Here is the story of how a grammatical mistake by a king led to the burning of one of the world’s greatest books.
1. The King’s Humiliation
The story begins in the court of King Salivahana (often identified with the Satavahana dynasty in Pratisthana, modern-day Paithan). While Salivahana was a great conqueror, he was uneducated in Sanskrit grammar.
One day, while playing in the water with his queens, he splashed water on one of them. The queen, tired of the splashing, cried out in Sanskrit: “Modakaih tadaya!”
The king could not understand. All the queens laughed. Humiliated in front of his court, the King fell into a deep depression and refused to eat until he could master Sanskrit.
2. The Great Wager
The King had two ministers – Gunadhya and Panini.
Gunadhya told the King it would take twelve years to master Sanskrit grammar.
Panini claimed he could teach the King in just six months.
Gunadhya found this impossible. In a fit of pride, he made a terrible vow: “If you succeed in teaching him in six months, I will forever renounce the use of Sanskrit, Prakrit, and the vernacular languages of men.”
Panini accepted. Using a simplified grammar technique, he successfully taught King Salivahana within six months. Gunadhya lost the wager.
3. The Language of the Goblins (Paisachi)
True to his word, Gunadhya silenced himself. He could no longer speak or write in the languages of the elite (Sanskrit) or the common people (Prakrit). He retreated into the Vindhya forests.
There, he encountered the Pisachas (goblins or spirits). Since he had not renounced the “language of the goblins,” he learned Paisachi (a now-extinct or lost dialect).
In this strange, rough tongue, he decided to compose a massive epic. Lacking ink and paper in the wild, he used his own blood as ink and wrote on tree bark. Over seven years, he wrote the Brihatkatha (“The Great Story”), a massive epic of 700,000 verses— seven times the length of the Mahabharata.
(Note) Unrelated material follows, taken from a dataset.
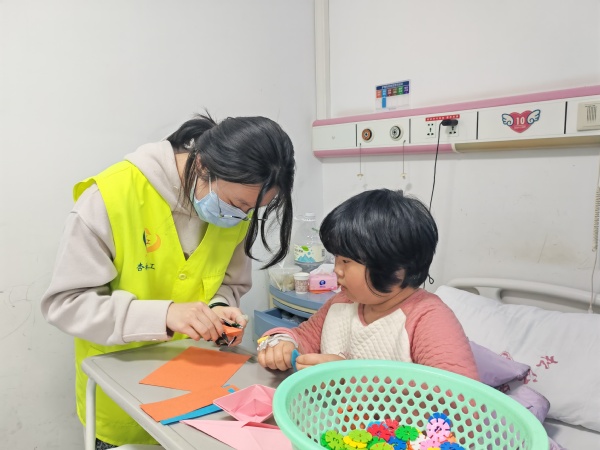 我系“医路童行”志愿服务团队坚持每周四下午走进医院儿童病房,以“游戏陪伴”为核心,通过搭积木、读绘本、手工制作、趣味互动等方式,为住院患儿送去温暖与欢笑,有效缓解病痛与焦虑,守护童真、助力康复。志愿者用耐心与爱心践行志愿精神,展现青年学子热心公益、乐于奉献的责任担当。

4. The Rejection and the Fire
Gunadhya sent the manuscript to King Salivahana, hoping the King would appreciate the literature despite their past rivalry.
However, King Salivahana rejected it with disgust as It was written in Paisachi
(considered a lowly, “barbaric” language) and also in human blood
Heartbroken by the rejection, Gunadhya climbed a hill in the forest. He lit a large sacred fire. He began to read his epic aloud. As he finished reading each page, he threw it into the fire.
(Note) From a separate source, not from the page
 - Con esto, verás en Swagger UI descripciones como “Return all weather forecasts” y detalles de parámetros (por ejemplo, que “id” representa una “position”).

The story was so enchanting that the deer, boars, and birds of the forest stopped grazing and stood motionless, weeping as they listened.
5. Saving the Fragment
Meanwhile, King Salivahana fell ill. His doctors prescribed game meat, but the hunters returned empty-handed. They reported that all the animals in the forest had starved themselves because they were too busy listening to a wild man reading stories on a hill.
Curious, the King went to the forest. He saw the emaciated Gunadhya reading to a trance-like circle of animals. The King realized that this “wild man” was his old minister Gunadhya and that the work he was burning was a masterpiece.
The King rushed forward and grabbed Gunadhya’s hand, begging him to stop. But it was too late. Gunadhya had already burned six of the seven books (600,000 verses). Only one book—the seventh—remained.
The King took the surviving manuscript back to his palace and decreed that it be preserved and translated.
6. The Legacy: Kathasaritsagara
Kashmiri poet Somadeva created Sanskrit adaptations of the Brihatkatha. It was today known as the Kathasaritsagara.
NB-
The Kathasaritsagara is arguably the largest and most complex collection of stories ever produced by a single human mind. It is nearly twice as long as the Iliad and the Odyssey combined.
The Nested Stories:
As the king in the story travels, he meets people who tell him stories. The characters in those stories tell other stories. It is not uncommon to be five or six layers deep into a narrative.
Stories from the Kathasaritsagara migrated westward via the Silk Road to Persia. They formed the skeleton of the Arabian nights and the famous Grimms fairy tale of Europe.